TASK REQUIREMENTS:
Taking the listing below, restate word for word each line from the line with "隆冬季節(jié),在甘肅省" to the line with "Textured to perfection, this", ends included, and stop there.

MATERIAL FOR THIS TASK:
┌────────
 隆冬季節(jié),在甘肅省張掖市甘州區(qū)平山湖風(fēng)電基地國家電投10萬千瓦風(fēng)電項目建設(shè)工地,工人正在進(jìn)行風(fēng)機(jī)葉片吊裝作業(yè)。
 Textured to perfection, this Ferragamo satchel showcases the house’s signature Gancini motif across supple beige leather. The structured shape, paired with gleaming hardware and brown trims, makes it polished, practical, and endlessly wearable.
└────────
┌────────
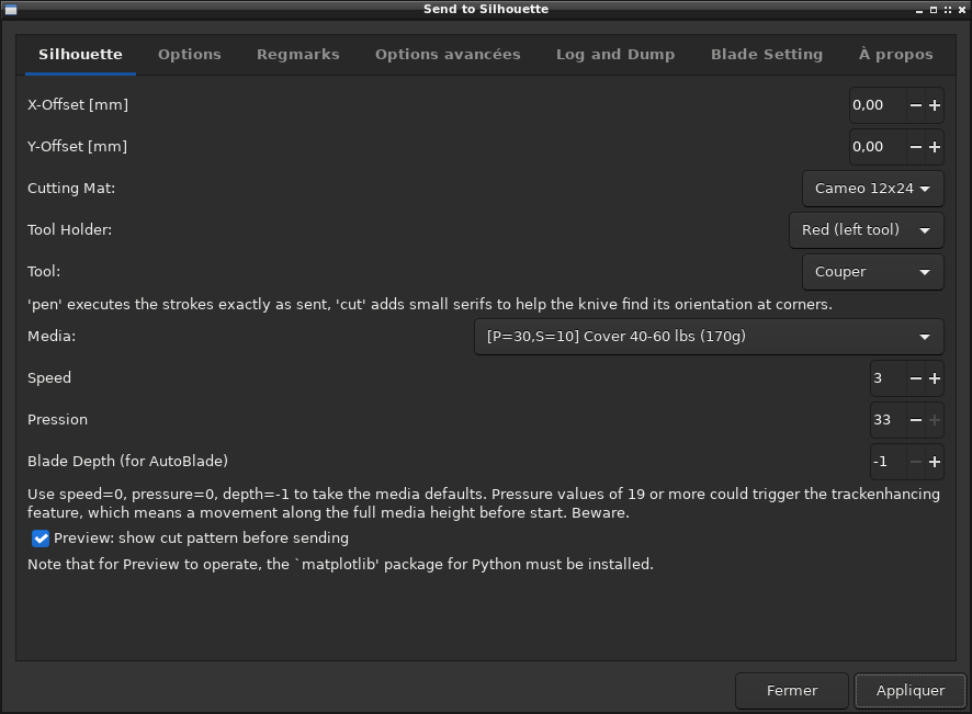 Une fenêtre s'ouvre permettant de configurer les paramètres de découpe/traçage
└────────
COMPLETED TASK:
 隆冬季節(jié),在甘肅省張掖市甘州區(qū)平山湖風(fēng)電基地國家電投10萬千瓦風(fēng)電項目建設(shè)工地,工人正在進(jìn)行風(fēng)機(jī)葉片吊裝作業(yè)。
 Textured to perfection, this Ferragamo satchel showcases the house’s signature Gancini motif across supple beige leather. The structured shape, paired with gleaming hardware and brown trims, makes it polished, practical, and endlessly wearable.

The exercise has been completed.